EDITOR'S NOTE: This page is part of a comprehensive guide to voting rights across the U.S. and in Puerto Rico.

In the Wild West, progressive politics made major waves in the years following the Civil War. Just look at Wyoming, where women gained the right to vote all the way back in 1869, a full 20 years before the territory became the country’s 44th state in 1890, and more than 50 years before the ratification of the 19th Amendment.—

Up to 1,000 women were eligible to vote in Wyoming in the election of 1870, and many came out to the polls.

“Wyoming is the first place on God’s green earth which could consistently claim to be the land of the Free,” cheered Susan B. Anthony.

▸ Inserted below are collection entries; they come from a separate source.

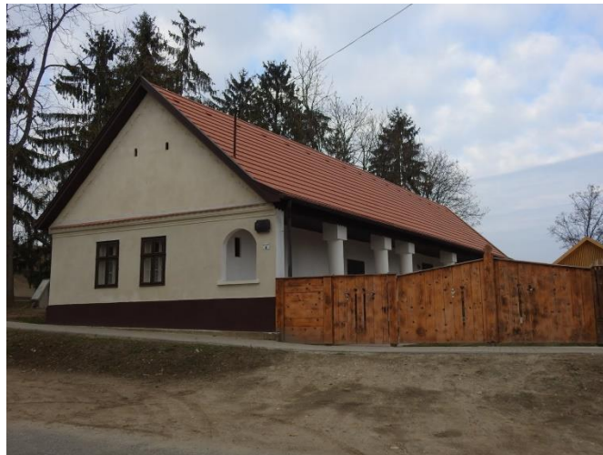
A Gombai Tájház

A napot egy visszatekintő beszélgetés zárja le, ahol játékos formában számot adnak az adott napon tanultakról. Célunk olyan élményközpontú programok szervezése, melyek lehetőséget kínálnak a 3.-5. osztályos tanulók és a pedagógusok számára a magyar és a gombai néphagyományokon keresztül megismerni és kipróbálni, megtanulni szokásaink egy-egy fontos részét. A témanapok szakmai célja az iskolai nevelés programjának támogatása hagyományismereti foglalkozásokkal, gyakorlati kompetenciák elsajátításának elősegítése gyakorlati kézműves foglalkozásokkal, a magyar kultúra hagyományainak megismertetése, népzenei és néptánc produkciók megtanítása, a magyar hagyományok és népi kultúra megszerettetése a korosztállyal.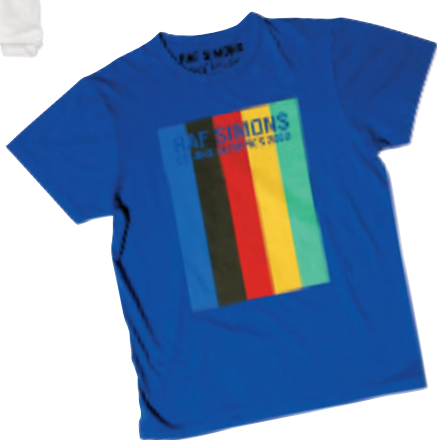
Lane Crawfordaf Simons 蓝色奥运直纹彩 tee $200

鲜有推出联名合作企画的连卡佛,这次找来 4 位极具叫座力的时装单位合作,红透半边天的坏孩子 Alexander McQueen、荷兰双人组设计师 Viktor & Rolf,最当时得令的 Raf Simons,与极速上位的澳洲品牌 Ksubi,分别设计出 4 款共 12 色的 T 恤,全部只售 $200。四个设计单位的作品各有风格,剪裁尺码倾向中性。限量 tee 5 月初将于连卡佛独家发售,200 元买到名师手笔,怎么可以不买?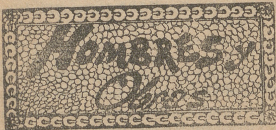
JUAN SEBASTIÁN ELCANO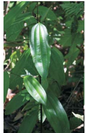
Kayu lawang ( Cinnamomum cullilawan Bl)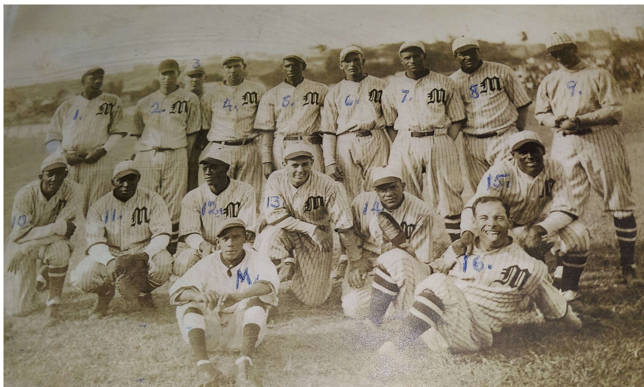
"Marianao" BBC Campeones de Cuba en 1922 - 1923. Foto 9.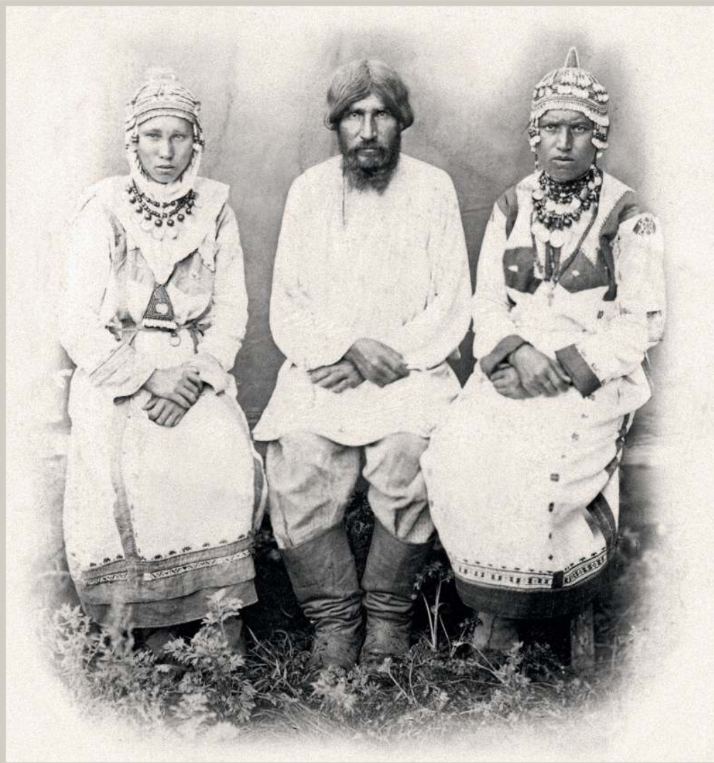
Чуваши. Начало XX века.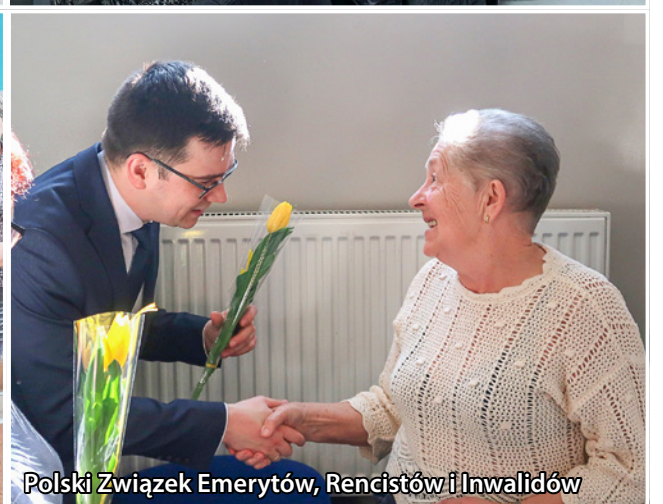
Polski Związek Emerytów, Rencistów i Inwalidów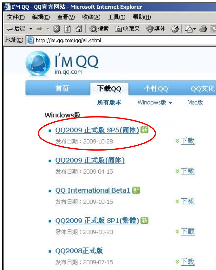
图 1 QQ 版本号

QQ2009 SP5 版本的登录风格有两种，一种是经典风格（见图 2），一种是 2009 风格（见图 3）。QQ 快车[1.0]适用的是类似于 MSN 的 2009 风格，不是默认的经典风格，所以必须先对 QQ 进行设置。设置方法：启动 QQ（不必登录）后，“设置”－“登录设置”，见图 4。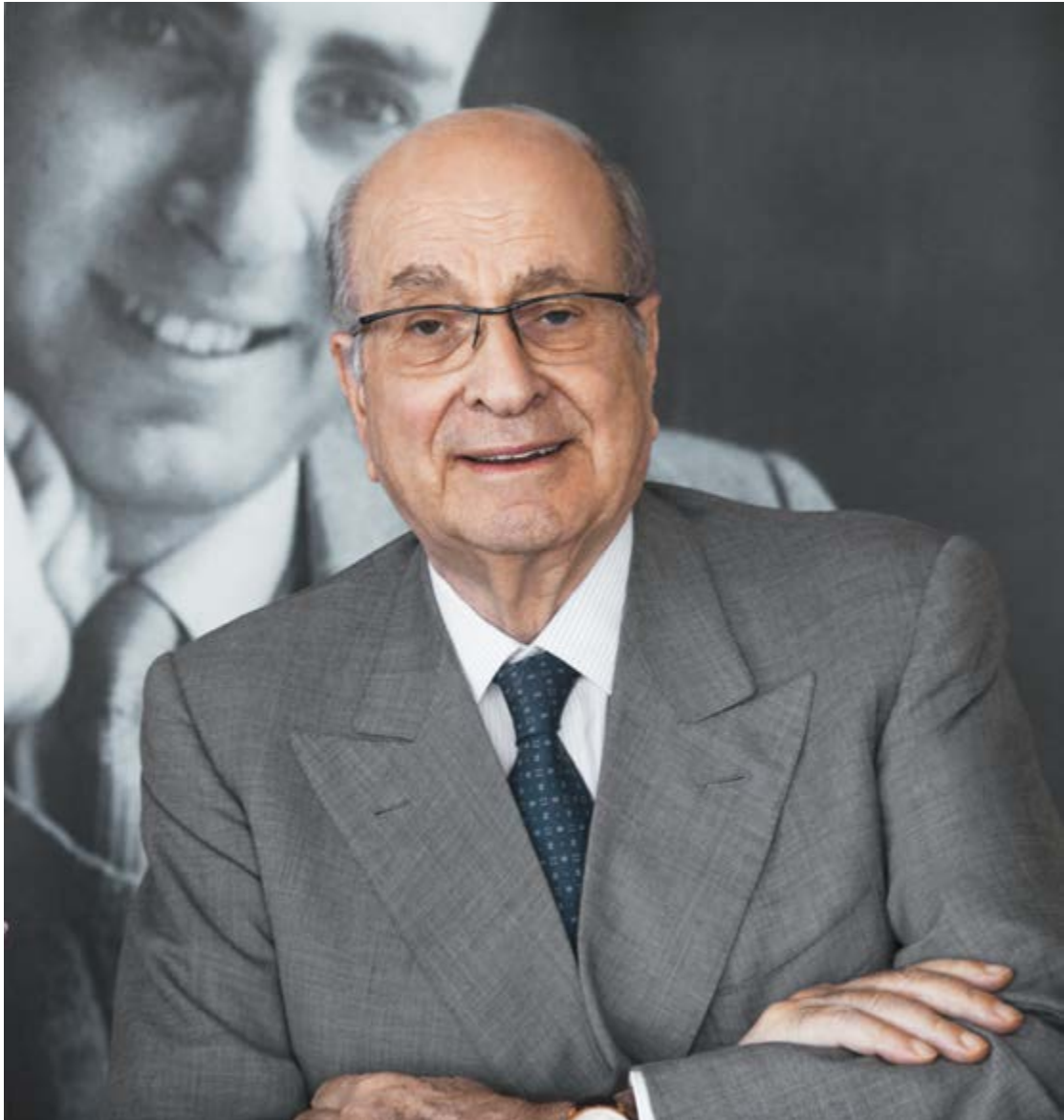
Edgar de Picciotto, Gründer der UBP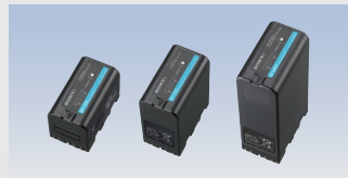
リチウムイオンバッテリーパック BP-U35 希望小売価格 19,250円(税込) BP-U70 希望小売価格 38,500円(税込) BP-U100 希望小売価格 55,000円(税込)

Women's suffrage had some major defenders in the era — the territorial governor vetoed a measure by the Democrats in the Legislature to undo the suffrage provision in 1870. And the state famously refused to rescind the right to vote for women when the federal government conditioned statehood on such a measure in 1889.

Liberty and voting rights were literally baked into the Constitution and tradition of the state. But so was nativism and xenophobia. At the same time as Wyoming's framers opted to keep women's suffrage on the books, they instituted a literacy qualification that appeared designed to make it difficult for immigrants to play a role in the political process.

This meant that former enslaved people who moved West to Wyoming after the Civil War could also be disenfranchised. It is, however, unknown if the constitutional provision was ever used at the polls, said Jennifer Helton, assistant professor of history at Ohlone College.

For decades after Wyoming held its first election that saw women vote, federal law held that any Indigenous person looking to cast a ballot needed to renounce their tribal citizenship and apply for an U.S. one, despite being born on U.S. soil. Native Americans as a whole weren't granted citizenship rights until 1924, and Asian immigrants were barred from voting throughout much of Wyoming's early history.

But over the past 130 years, the state has continued to, ever so slowly, extend voting rights to disenfranchised members of the body politic.

Poll taxes, in effect since Wyoming became a territory, remained a fixture in state election law until 1969. And Wyoming is one of just eight states, most in the South, that never ratified the 24th Amendment that ended poll taxes across the country. In 2017, the state restored voting rights for felons who maintained clean public records for five years after completing sentences for first-time, nonviolent offenses.

These days, Wyoming is controlled by a Republican supermajority in both houses of the Legislature. Its U.S. senators, John Barrasso and Cynthia Lummis, are both Republicans. So is the state’s lone member of the House, Rep. Liz Cheney.

After the 2020 election, Republicans in Wyoming took action on election security, pushing through a voter ID law that requires voters at the polls to show accepted forms of identification before they can cast their ballots. The state is accepting a wide variety of ID options, from tribal ID cards to valid passports and public school student Identifications.

But because of Wyoming’s racial homogeneity — white, non-Hispanic people make up more than 83% of the state’s population — some political experts have asserted that new voting restrictions are less likely to occur there.

The Brennan Center for Justice at New York University found that in 2021, Republican-dominated states with high degrees of racial diversity like South Carolina and Mississippi enacted more than double the amount of voting rights restrictions seen in states like Wyoming and Montana.